Keywords: peripheral nerve repair, magnetic nanoparticle, nanocomposite, magnetic field, Schwann cell, functional recovery
Introduction
The peripheral nervous system displays remarkable regenerative potential after injury.1 Although autologous nerve grafting is still considered the golden criterion and the most common therapy after peripheral nerve injury, its application is limited by the scarcity of available donor nerve, donor area morbidity, and neuroma formation.2,3 In recent decades, materials for engineering artificial nerves have become attractive treatments to repair peripheral nerve injuries,4 as they partially restore nerve regeneration by providing guidance cues for axonal regrowth. Many seeding cells and optimized nerve materials have been introduced to establish a tunable local milieu for regenerating axons at the spot of nerve deficiency and further improve nerve regeneration,5,6 thus holding great potential as a substitute for autologous nerves in nerve repair.
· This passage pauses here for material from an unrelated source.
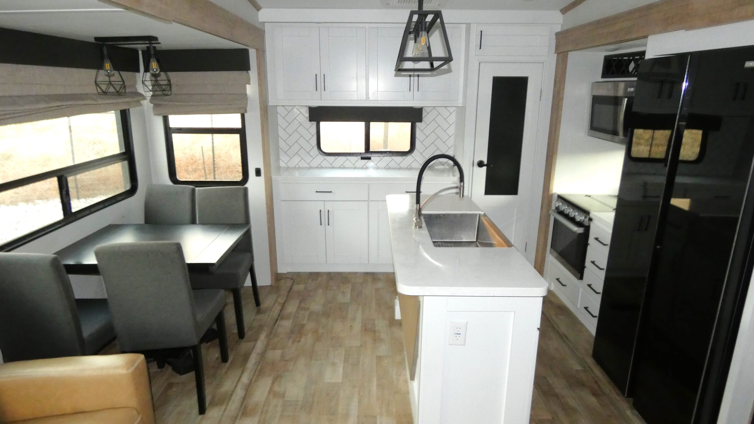 Camping trips can be spent in luxury with this fifth wheel in tow! There are four slide outs providing you with tons of interior space, and the middle bedroom will be perfect for guests. There is a sleeper sofa here, a desk top, plus a wardrobe for their things, and the loft will be perfect for little ones or storage space. You will have the front private bedroom all to yourselves with a California king bed slide out, plus a walk-in closet with wrap-around shelving. There is even under bed storage and washer and dryer prep to make laundry day easier than ever. Everyone can meet in the rear kitchen and living area that includes theater seating, a free-standing dinette, and an island with a flip-up counter workstation. There is also a large hutch here and a pantry for added storage space. And we haven't even touched on the exterior; Curt entry steps, a 20' power awning, plus a Grill-N-Chill outside kitchen!

Schwann cells (SCs), the main gliocytes in the peripheral nerve system, are useful transplant seeding cells with positive functions in nerve repair due to their role in the organization of Büngner bands, potential to form myelin, and expression of multiple neurotrophic factors.7–10 Based on the above-mentioned considerations, the delivery of SCs to neural engineering biomaterials has recently been shown to be beneficial for nerve repair.11–15 However, attenuated biotic functions have been detected in SC cultures in vitro, which further dramatically restricts the application of SCs in peripheral nerve repair in vivo.16
In recent years, magnetic composites consisting of magnetic nanoparticles (MNPs) controlled with the applied magnetic field (MF) have been fabricated to enhance the biologic properties of cells and tissue engineering repair. A magnetic composite combined with an MF is capable of accelerating the proliferation rate of endothelial cells, facilitating the endothelial cells into capillary-like architectures,17 promoting cardiac cells to form myocardial tissue in vitro,18 stimulating human bone-derived mesenchymal stem cell proliferation,19 and improving osteogenesis in bone tissue repair in vivo.20 Moreover, an MNP-based magnetic nanocomposite hydrogel was synthesized for potential cartilage tissue engineering under MF.21 However, it is unclear whether the combination of magnetic composites and MF, especially the introduction of seeding cells, can be applied for promoting the peripheral nerve repair.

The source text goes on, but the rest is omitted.